Люк, если ты меня любишь и хочешь сохранить нашу семью, давай встретимся на крыше башни «Оксо» в пятницу, в шесть вечера. Буду ждать на смотровой площадке.
Твоя любящая жена
Бекки.
Я откладываю ручку и чувствую себя опустошенной, выпитой до последней капли, будто только что сочинила симфонию Бетховена. Осталось отправить письмо экспресс-почтой в женевский офис Люка. И дождаться вечера пятницы.
Сложив семнадцать страниц пополам, безуспешно пытаюсь впихнуть их в конверт «Бэзилдон Бонд», когда на тумбочке звонит телефон, Люк! О господи! И куда теперь девать письмо?
Дрожащими пальцами хватаю телефон и вижу какой-то незнакомый номер. Может, Элинор с нотациями?
– Алло! – настороженно говорю я в трубку.
– Алло, Бекки? Это Марта.
– А-а… – Я отвожу со лба волосы и пытаюсь вспомнить, где слышала это имя. – Э-э… привет.
– Звоню узнать, не изменились ли у тебя планы насчет съемки в пятницу, – щебечет она. – Прямо не терпится посмотреть твой дом!
«Вог». Черт. Совсем про них забыла.
Как меня угораздило забыть про съемки для «Вог»? Наверное, у меня и правда жизнь разбита.
– Ну так что? – весело звенит в трубке голос Марты. – Может, ты уже родила?
– Да нет… – не сразу отвечаю я. – Но лежу в больнице. – Я вдруг вспоминаю, что в больнице пользоваться мобильниками запрещено. Но ведь звонят из «Вог»! Для «Вог» можно сделать исключение.
– О нет! – стонет она. – Знаешь, у нас с этим материалом сплошная невезуха! Одна «мамуля-красотуля» преждевременно разродилась двойней и здорово подвела нас, у другой какая-то там преэклампсия и постельный режим! Ни интервью нельзя взять, ни снимок сделать! А у тебя тоже постельный?
– У меня? Погоди минутку…
Я кладу телефон на постель и пытаюсь взбодриться. Впервые в жизни мне все равно, будут меня фотографировать или нет. Я жирная, заплаканная, лохматая, мой брак рушится на глазах… Глубоко и прерывисто вздыхаю, замечаю собственное мутное отражение в ближайшей полированной дверце шкафа. Плечи поникли, голова опущена. Выгляжу как неудачница. Отвратно, словом.
И вдруг меня будто подбрасывает, я рывком выпрямляюсь. Что я несу? Почему это вдруг моя жизнь кончена? Только потому, что мой муж завел интрижку?

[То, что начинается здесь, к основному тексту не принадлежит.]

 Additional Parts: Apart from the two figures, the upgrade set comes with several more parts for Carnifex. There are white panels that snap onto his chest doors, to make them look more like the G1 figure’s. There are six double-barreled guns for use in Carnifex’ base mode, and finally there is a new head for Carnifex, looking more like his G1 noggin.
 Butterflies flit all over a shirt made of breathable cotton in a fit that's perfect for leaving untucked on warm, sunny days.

Ну уж нет. Не стану я себя жалеть. И сдаваться не собираюсь. Да, моя прежняя жизнь разбита. Но внешне-то я могу оставаться прежней. И буду самой симпатичной будущей мамочкой в мире.
Подношу телефон к уху.
– Марта, меня слышно? – Я стараюсь говорить весело и беспечно. – Извини, что задержала. Да, к съемке в пятницу все готово. Сегодня меня выписывают, так что все получится!
– Прекрасно! – В голосе Марты нескрываемое облегчение. – Дождаться не могу! Съемка займет всего часа два или три, мы постараемся не утомить тебя! У тебя наверняка много стильной одежды, но мы привезем с собой еще… Да, адрес хотела уточнить. Ты ведь живешь в доме номер 33 по Деламейн-роуд?

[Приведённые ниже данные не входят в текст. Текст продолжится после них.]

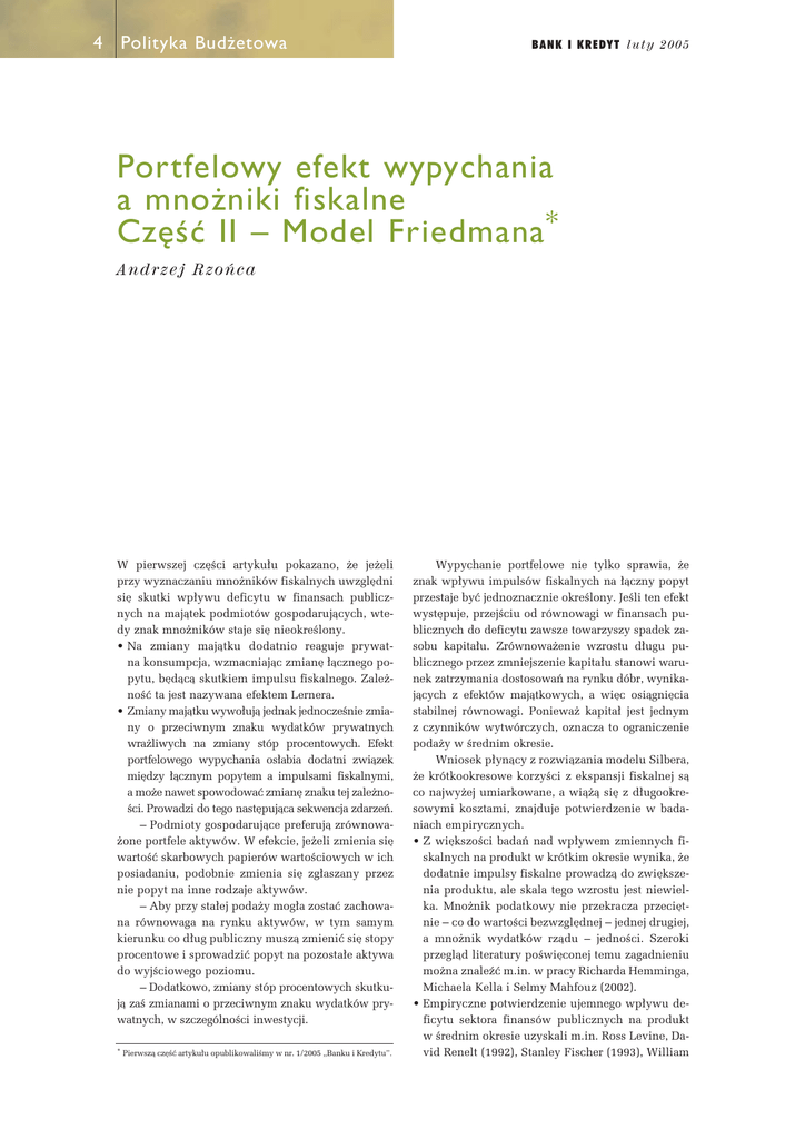 4 Polityka Bud˝etowa BANK I KREDYT l u t y 2 0 0 5 Portfelowy efekt wypychania a mno˝niki fiskalne Cz´Êç II – Model Friedmana * A n d rz e j R z o ƒ c a W pierwszej cz´Êci artyku∏u pokazano, ˝e je˝eli przy wyznaczaniu mno˝ników fiskalnych uwzgl´dni si´ skutki wp∏ywu deficytu w finansach publicznych na majàtek podmiotów gospodarujàcych, wtedy znak mno˝ników staje si´ nieokreÊlony. • Na zmiany majàtku dodatnio reaguje prywatna konsumpcja, wzmacniajàc zmian´ ∏àcznego popytu, b´dàcà skutkiem impulsu fiskalnego. Zale˝noÊç ta jest nazywana efektem Lernera. • Zmiany majàtku wywo∏ujà jednak jednoczeÊnie zmiany o przeciwnym znaku wydatków prywatnych wra˝liwych na zmiany stóp procentowych. Efekt portfelowego wypychania os∏abia dodatni zwiàzek mi´dzy ∏àcznym popytem a impulsami fiskalnymi, a mo˝e nawet spowodowaç zmian´ znaku tej zale˝noÊci. Prowadzi do tego nast´pujàca sekwencja zdarzeƒ. – Podmioty gospodarujàce preferujà zrównowa˝one portfele aktywów. W efekcie, je˝eli zmienia si´ wartoÊç skarbowych papierów wartoÊciowych w ich posiadaniu, podobnie zmienia si´ zg∏aszany przez nie popyt na inne rodzaje aktywów. – Aby przy sta∏ej poda˝y mog∏a zostaç zachowana równowaga na rynku aktywów, w tym samym kierunku co d∏ug publiczny muszà zmieniç si´ stopy procentowe i sprowadziç popyt na pozosta∏e aktywa do wyjÊciowego poziomu. – Dodatkowo, zmiany stóp procentowych skutkujà zaÊ zmianami o przeciwnym znaku wydatków prywatnych, w szczególnoÊci inwestycji. * Pierwszà cz´Êç artyku∏u opublikowaliÊmy w nr. 1/2005 „Banku i Kredytu”. Wypychanie portfelowe nie tylko sprawia, ˝e znak wp∏ywu impulsów fiskalnych na ∏àczny popyt przestaje byç jednoznacznie okreÊlony. JeÊli ten efekt wyst´puje, przejÊciu od równowagi w finansach publicznych do deficytu zawsze towarzyszy spadek zasobu kapita∏u. Zrównowa˝enie wzrostu d∏ugu publicznego przez zmniejszenie kapita∏u stanowi warunek zatrzymania dostosowaƒ na rynku dóbr, wynikajàcych z efektów majàtkowych, a wi´c osiàgni´cia stabilnej równowagi. Poniewa˝ kapita∏ jest jednym z czynników wytwórczych, oznacza to ograniczenie poda˝y w Êrednim okresie. Wniosek p∏ynàcy z rozwiàzania modelu Silbera, ˝e krótkookresowe korzyÊci z ekspansji fiskalnej sà co najwy˝ej umiarkowane, a wià˝à si´ z d∏ugookresowymi kosztami, znajduje potwierdzenie w badaniach empirycznych. • Z wi´kszoÊci badaƒ nad wp∏ywem zmiennych fiskalnych na produkt w krótkim okresie wynika, ˝e dodatnie impulsy fiskalne prowadzà do zwi´kszenia produktu, ale skala tego wzrostu jest niewielka. Mno˝nik podatkowy nie przekracza przeci´tnie – co do wartoÊci bezwzgl´dnej – jednej drugiej, a mno˝nik wydatków rzàdu – jednoÊci. Szeroki przeglàd literatury poÊwi´conej temu zagadnieniu mo˝na znaleêç m.in. w pracy Richarda Hemminga, Michaela Kella i Selmy Mahfouz (2002). • Empiryczne potwierdzenie ujemnego wp∏ywu deficytu sektora finansów publicznych na produkt w Êrednim okresie uzyskali m.in. Ross Levine, David Renelt (1992), Stanley Fischer (1993), William Polityka Bud˝etowa 5 BANK I KREDYT l u t y 2 0 0 5 Easterly, Carlos A. Rodriguez i Klaus Schmidt-Hebbel (1994) oraz Michael Bleaney, Norman Gemmell, Richard Kneller (2001). Model prezentowany w poprzedniej cz´Êci artyku∏u ma jednak co najmniej jednà dodatkowà s∏aboÊç oprócz tych, które tam wymieniono. Przyj´to w nim za standardowym modelem IS-LM za∏o˝enie, ˝e skarbowe papiery wartoÊciowe i kapita∏ fizyczny sà doskona∏ymi substytutami. Poni˝ej za∏o˝enie to zosta∏o uchylone. W rezultacie, w miejsce jednej stopy procentowej pojawi∏y si´ dwie1: oczekiwana (satysfakcjonujàca podmioty gospodarujàce) stopa zwrotu z kapita∏u fizycznego, okreÊlajàca minimalnà rentownoÊç wydatków inwestycyjnych planowanych przez sektor prywatny oraz stopa zwrotu ze skarbowych papierów wartoÊciowych, determinujàca rentownoÊç ich nowych emisji. Taka modyfikacja odró˝nia modele monetarystyczne od ortodoksyjnych keynesowskich (zob. np. Allan H. Meltzer, 1995). Przybli˝a ona zale˝noÊci zak∏adane w modelu do wyst´pujàcych w gospodarce. JednoczeÊnie, w jej wyniku poszerza si´ zakres mo˝liwych równowag osiàganych po wystàpieniu wstrzàsu; ostateczna reakcja poszczególnych zmiennych na wstrzàs staje si´ mniej jednoznaczna ni˝ w podejÊciu ortodoksyjnym keynesowskim. Model przedstawiony w tym artykule jest modyfikacjà modelu Benjamina Friedmana (1978). Przygotowujàc ten artyku∏, posi∏kowa∏em si´ tak˝e artyku∏ami: Jamesa Tobina i Williama C. Brainarda (1963), Jamesa Tobina (1969) i Allana H. Meltzera (1995). W polskiej literaturze ekonomicznej opis idei modelu Friedmana mo˝na znaleêç w pracy Urszuli Kosterny (1995). G∏ówna zmiana w porównaniu z wyjÊciowym modelem polega na uchyleniu upraszczajàcego za∏o˝enia, ˝e zasób kapita∏u jest sta∏y, tzn. nie zale˝y od wielkoÊci nak∏adów inwestycyjnych. Dzi´ki tej pozornie ma∏o istotnej modyfikacji zosta∏a usuni´ta wada wyjÊciowego modelu, polegajàca na niemo˝noÊci osiàgni´cia równowagi przez gospodark´ po wystàpieniu wstrzàsu. Do tej wady – wed∏ug najlepszej wiedzy autora – nikt wczeÊniej si´ nie odniós∏, a by∏a ona powa˝na; z modelu – w jego standardowej wersji – wynika∏o, ˝e skutkiem przejÊcia od równowagi do deficytu powinny byç niekoƒczàce si´ zmiany stóp procentowych i poziomu produktu. Benjamin Friedman (1978) przedstawi∏ jedynie ostateczny wynik algebraicznego rozwiàzania modelu. Urszula Kosterna (1995) pokaza∏a graficzne roz1 Faktycznie w standardowym modelu IS-LM wyst´pujà dwie stopy procentowe, a w niniejszym trzy. Tà dodatkowà stopà procentowà jest stopa zwrotu z pieniàdza. Poniewa˝ jednak przyjmuje si´ jà za sta∏à, nie ma ona wp∏ywu na wyniki analizy skutków wstrzàsów badanych przy u˝yciu modelu

Я вдруг вспоминало, что так и не выполнила заказ Фабии. Но время еще есть. Я успею.
– Да, правильно.
– Везучая, там такие шикарные дома! Значит, жди нас в одиннадцать.
– До встречи!
Я отключаю телефон и тяжело вздыхаю. Меня будут снимать для «Вог». Я буду самой лучшей будущей мамочкой. И спасу свою семью.
От: Бекки Брэндон
Кому: Фабии Паскали
Тема: Завтра
Привет, Фабиа!
На всякий случай хочу еще раз сообщить, что завтра буду у Вас вместе со съемочной группой «Вог». Съемки продлятся примерно с одиннадцати до трех часов.
Лиловый кафтан и сумку я нашла, но туфель от Олли Брикнелла, какие Вы хотели, нигде нет. Может быть, поискать что-нибудь другое?
Еще раз большое спасибо и до встречи завтра!
Бекки
От: Фабии Паскали
Кому: Бекки Брэндон
Тема: Завтра
Бекки,
нет туфель – нет дома.
Фабиа
КЕННЕТ ПРЕНДЕРГАСТ
Финансовые консультации
Прендергаст де Витт Коннел
Лондон, Хай-Холборн, 394, Форвард-Хаус
Миссис Р. Брэндон
Квартал Мейда-Вейл, 37
Мейда-Вейл Лондон
26 ноября 2003 г.
Уважаемая миссис Брэндон,
Благодарю Вас за письмо.
Я обратил внимание на недавно приобретенные Вами акции «Сласти Инк.», «Эстель Роден Косметике» и 000 «Урбан-спа». Увы, не могу согласиться, что все перечисленное – «самые классные инвестиции в мире».
Позвольте мне повториться. Бесплатные конфеты, образцы парфюмерии и скидки на обслуживание в СПА – приятное дополнение, но ни в коем случае не повод для инвестирования средств. Настоятельно рекомендую Вам пересмотреть стратегию инвестирования, а я, со своей стороны, буду рад дать Вам советы.
С уважением,
Кеннет Прендергаст,
консультант по семейному инвестированию.